Studies have shown that visual features extracted from the lips of a speaker (visemes) can be used to automatically classify the visual representation of phonemes. Different visual features were extracted from the audio-visual recordings of a set of phonemes and used to define Linear Discriminant Analysis (LDA) functions to classify the phonemes.
Audio-visual recordings from 18 speakers of Native American English for 12 Vowel-Consonant-Vowel (VCV) sounds were obtained using the consonants /b,v,w,ð,d,z/ and the vowels /α,i/. The visual features used in this study were related to the lip height, lip width, motion in upper lips and the rate at which lips move while producing the VCV sequences. Features extracted from half of the speakers were used to design the classifier and features extracted from the other half were used in testing the classifiers.
When each VCV sound was treated as an independent class, resulting in 12 classes, the percentage of correct recognition was 55.3% in the training set and 43.1% in the testing set. This percentage increased as classes were merged based on the level of confusion appearing between them in the results. When the same consonants with different vowels were treated as one class, resulting in 6 classes, the percentage of correct classification was 65.2% in the training set and 61.6% in the testing set. This is consistent with psycho-visual experiments in which subjects were unable to distinguish between visemes associated with VCV words with the same consonant but different vowels. When the VCV sounds were grouped into 3 classes, the percentage of correct classification in the training set was 84.4% and 81.1% in the testing set.

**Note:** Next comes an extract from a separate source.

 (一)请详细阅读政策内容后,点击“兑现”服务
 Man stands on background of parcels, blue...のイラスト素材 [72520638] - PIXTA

In the second part of the study, linear discriminant functions were developed for every speaker resulting in 18 different sets of LDA functions. For every speaker, five VCV utterances were used to design the LDA functions, and 3 different VCV utterances were used to test these functions. For the training data, the range of correct classification for the 18 speakers was 90-100% with an average of 96.2%. For the testing data, the range of correct classification was 50-86% with an average of 68%.
A step-wise linear discriminant analysis evaluated the contribution of different features towards the dissemination problem. The analysis indicated that classifiers using only the top 7 features in the analysis had a performance drop of 2-5%. The top 7 features were related to the shape of the mouth and the rate of motion of lips when the consonant in the VCV sequence was being produced. Results of this work showed that visual features extracted from the lips can separate the visual representation of phonemes into different classes.

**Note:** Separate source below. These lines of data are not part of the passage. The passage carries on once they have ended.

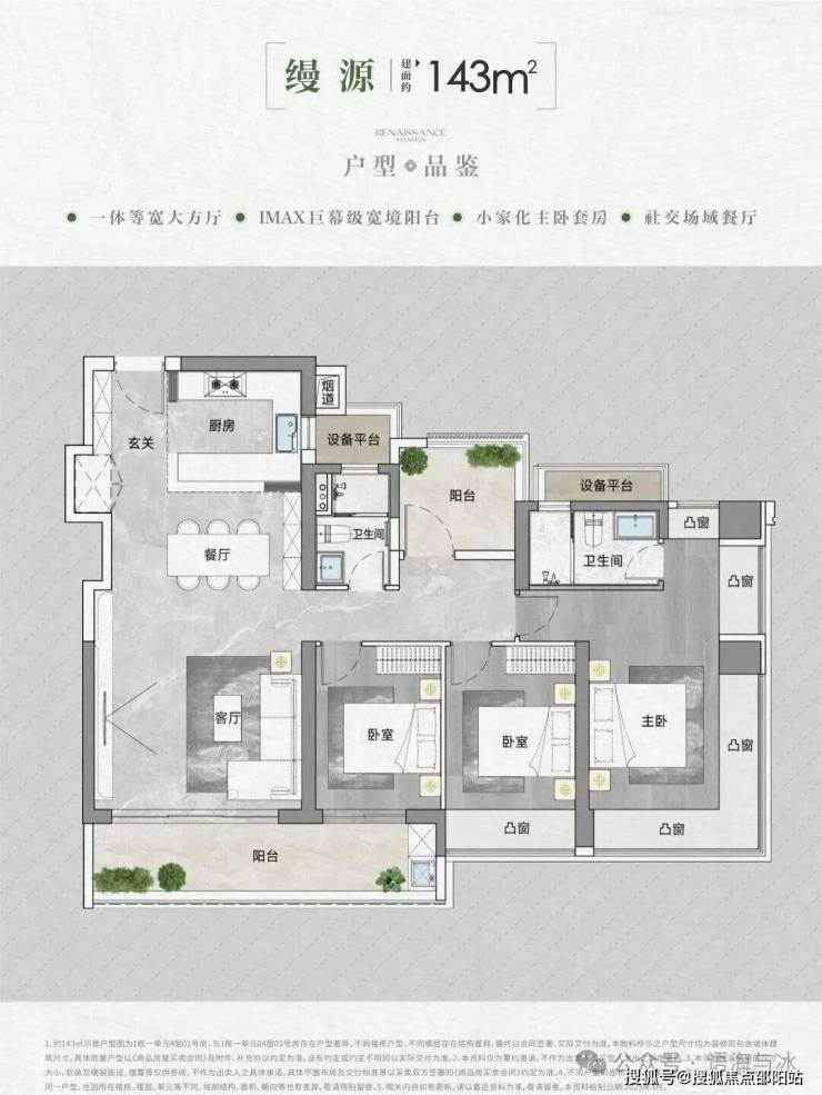 143㎡的4房2厅2卫,设计的是竖厅竖厅格局,进门入户玄关,超大宽面客厅,LDKB一体化,S墙设计预留冰箱卡槽位,四开间朝南,客厅连接次卧出巨幕大阳台,U型厨房,卫生间干湿分离,还带2个设备平台,得房率约96.14%(包含赠送),东南朝向。
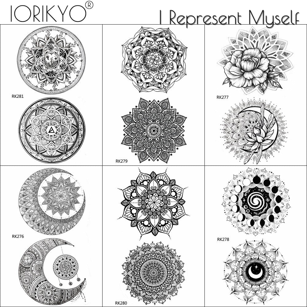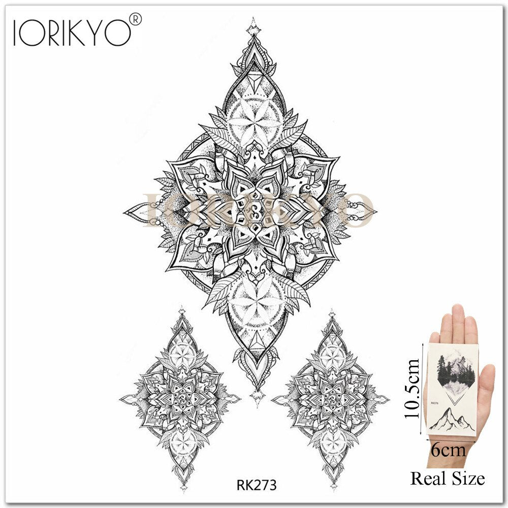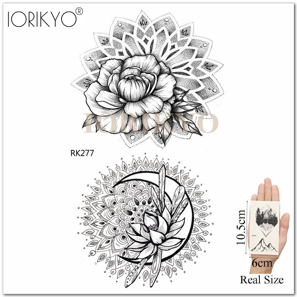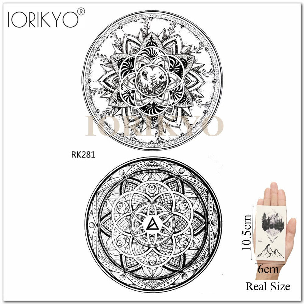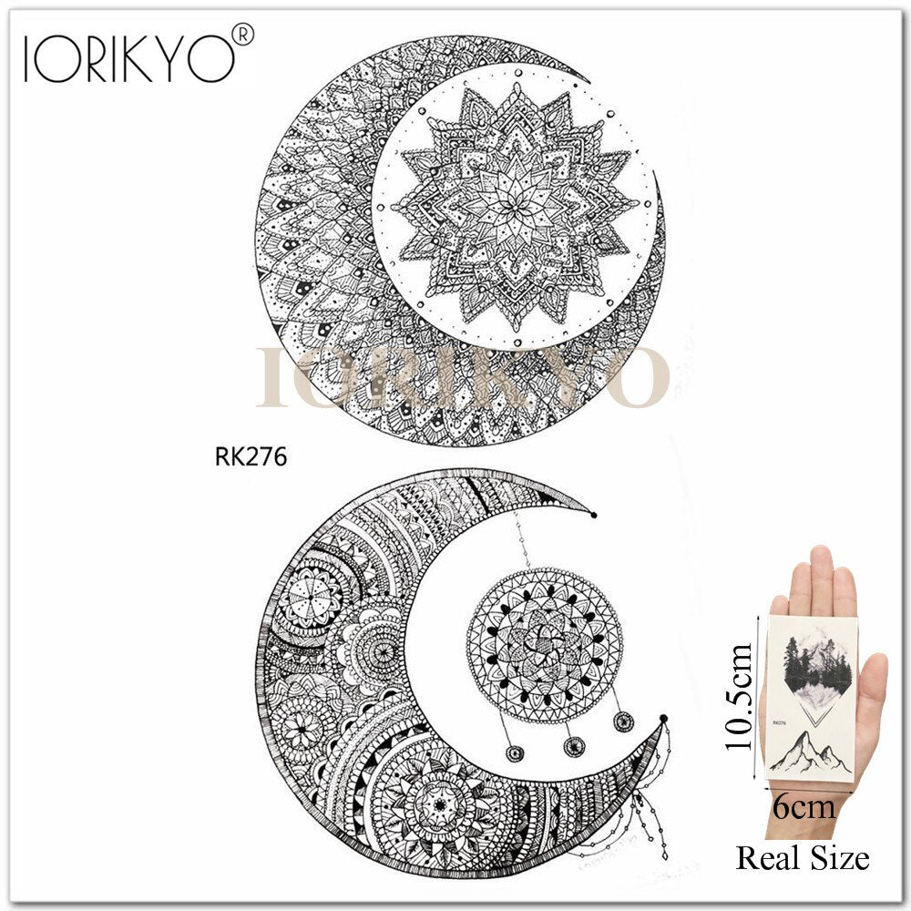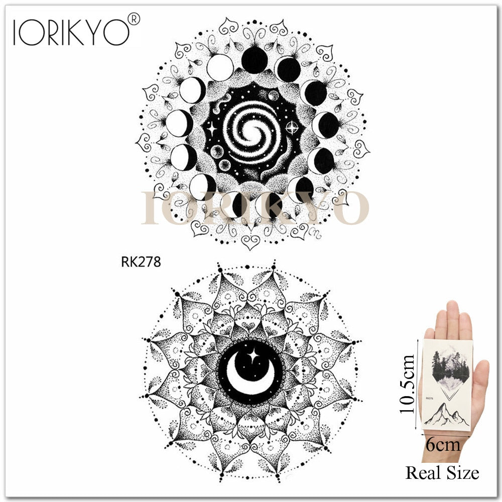 Mandala Henna Flower Fake Tattoo Arm Body Stickers Women Arm Temporary Tattoo Girls Ankle Lace Fake Tatoo Round Black Moon
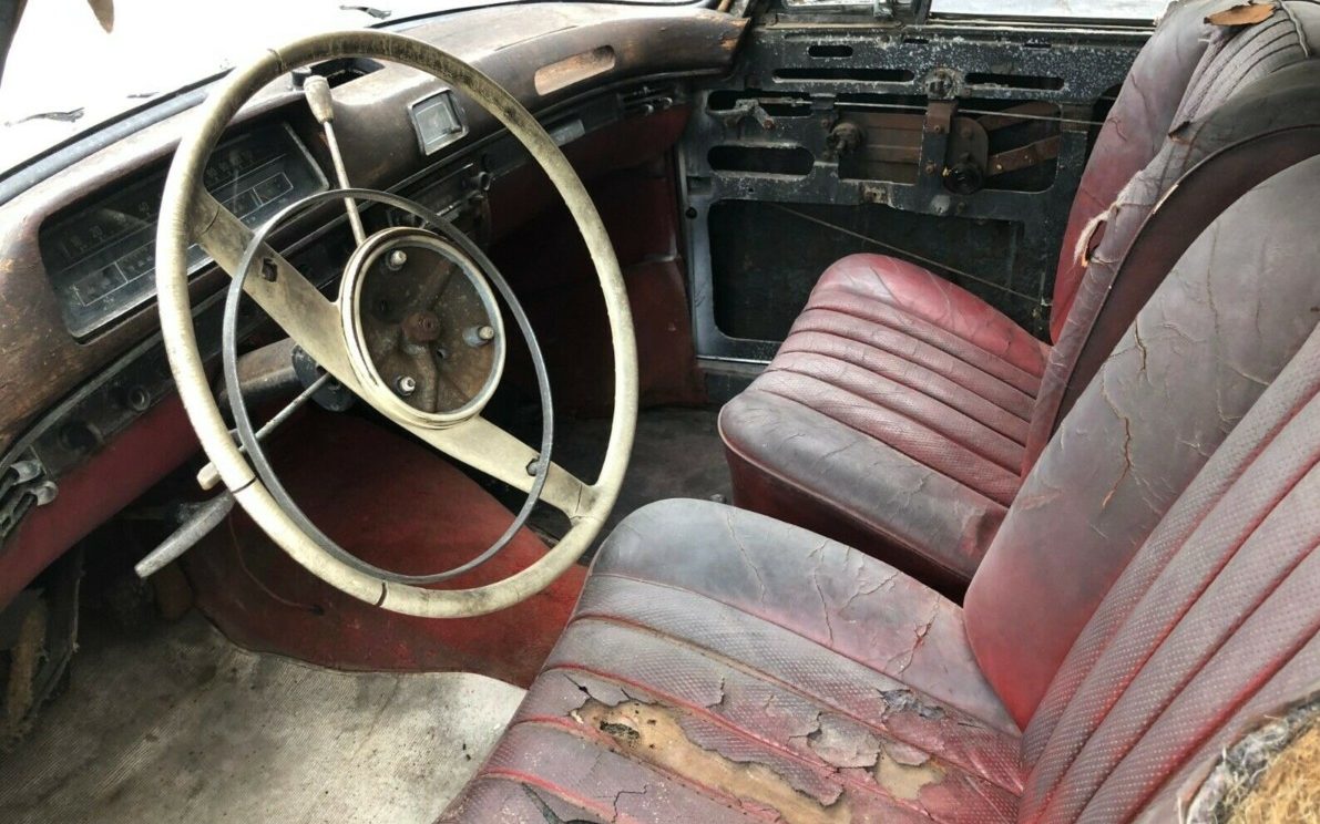 The elephant in the room is the grille, hood, valance and left fender, it has suffered a bit of a wack and will take some doing to repair – the assumption is that the grille may need to be replaced. The original finish is intact but mostly finished off with lots of evidence of surface rust. The seller does indicate that “The car is very dry the bottom of the doors, fenders, and rear quarter panels are in great shape. The floors are also very solid just a bit dirty and dusty and need cleaning up.” There is an image included of the underside and it does, in fact, appear sound. The seller claims that chrome and stainless are in good driver shape but I would strongly disagree seeing that the driver’s side beltline molding is attached with sheet metal screws – not even driver quality. Hopefully, the trim is repairable because replacement is probably close to out of the question on a car of this rarity. Of final note is the missing windshield, third car in a row that I have reviewed with glass so clean it looks like there’s none there.
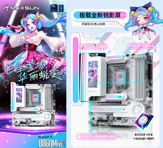 然后是銘瑄iCraft B860M CROSS PRO主板,作為顏值旗艦,全覆蓋著藍(lán)粉漸變的二次元紋路,每一處細(xì)節(jié)都透著精致感。吸睛亮點(diǎn)莫過于全新配備的3.4英寸銳影LED顯示屏,不僅能實(shí)時(shí)顯示CPU溫度、內(nèi)存頻率等系統(tǒng)信息,還能自定義開關(guān)機(jī)畫面,甚至支持桌面映射,同步展示專屬壁紙或游戲畫面。搭配配套軟件MAXSUN View,玩家可以盡情解鎖無限自定義玩法,讓主板成為主機(jī)的 “個(gè)性門面”。

|School:||University of Pittsburgh|
|School Location:||United States -- Pennsylvania|
|Source:||DAI-B 70/12, Dissertation Abstracts International|
|Subjects:||Audiology, Electrical engineering, Acoustics|
|Keywords:||Automated lip reading, Phonemes, Visemes, Visual cues|
Copyright in each Dissertation and Thesis is retained by the author. All Rights Reserved
The supplemental file or files you are about to download were provided to ProQuest by the author as part of a
dissertation or thesis. The supplemental files are provided "AS IS" without warranty. ProQuest is not responsible for the
content, format or impact on the supplemental file(s) on our system. in some cases, the file type may be unknown or
may be a .exe file. We recommend caution as you open such files.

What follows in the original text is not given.